Technical analysis is quite different from fundamental analysis, since traders try to recognize the opportunities with the help of statistical trends, like movements in a stock’s price and volume. One assumes that all known fundamentals are taken into consideration while assessing how the stock’s prices will perform in the future.

Limitations of technical analysis

There is a segment of analysts and academic researchers who believe that the efficient market hypothesis (EMH) could make it clear why one must not expect any actionable information to be included in any historical price and volume data. But, going by the same reasoning, business fundamentals must also not provide any actionable information. These perspectives are often called the weak form and semi-strong form of the EMH.

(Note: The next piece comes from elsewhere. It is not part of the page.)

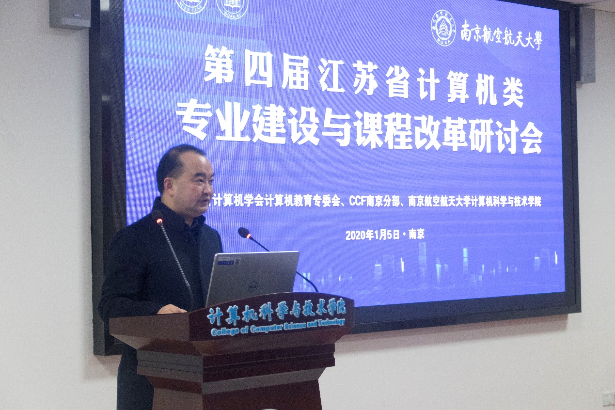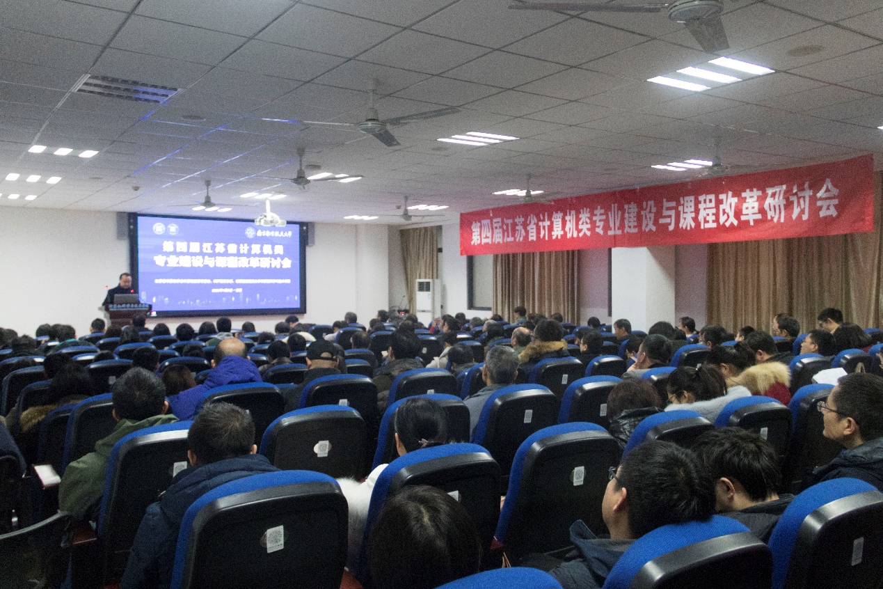 1月5日,由44118太阳成城集团/人工智能学院承办的第四届江苏省计算机类专业建设与课程改革研讨会在我校举行。来自省内外十余所学校的150余名教师齐聚我校,共同研讨计算机类专业建设与课程改革事宜。会议邀请了上海交通大学软件学院院长臧斌宇教授、合肥工业大学计算机与信息学院教学指导委员会主任胡学钢教授、西安电子科技大学计算机学院执行院长崔江涛教授等三位专家就工程教育专业认证进行了专题报告。校党委副书记陶勇、教务处处长孔垂谦、教师发展和教学评估中心主任周克印、长空学院副院长孙涵、44118太阳成城集团/人工智能学院赵蕴龙参加了会议,44118太阳成城集团/人工智能学院院长陈兵主持会议。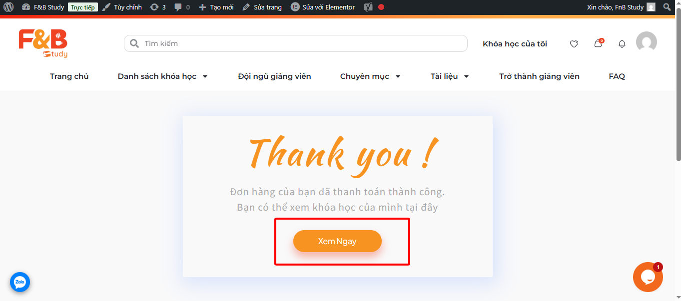 Sau khi thanh toán thành công, bạn có thể bắt đầu học ngay trên nền tảng:

Technical analysis is also under scrutiny because past price patterns are hardly ever repeated as is and thus, a study of price patterns could be insignificant. Rather, prices appear to be better structured when taken at random. 

Technical analysis is criticized yet again as some traders claim that it works in a few cases but only because it includes a self-fulfilling prophecy. For instance, several technical traders might put a stop-loss order below the 200-day moving average of a particular company. If a majority of traders have done so and the stock meets this price, the market would have a huge number of sell orders which would send the price tumbling as expected. 

How to learn technical analysis?

You can learn technical analysis using several different ways. The primary step is to be well-versed with the basics of investing, stocks, markets, and financials. You can easily do this with the help of books, online courses, online material, and classes. Once you are clear about the basics, similar educational resources would help you focus specifically on technical analysis.


It is important to remember that no technical indicator is perfect. Not one of them can guarantee you 100% accuracy all the time.

The wise traders stay on the lookout for warning signs that could indicate that the signals from their chosen indicators could be wrong. Technical analysis, if done right, could boost your profits but you would do better as a trader if you choose to spend some time improving your risk management strategies. Believe us, it would help you save up on a lot of money than daydreaming about instead of cash would ever!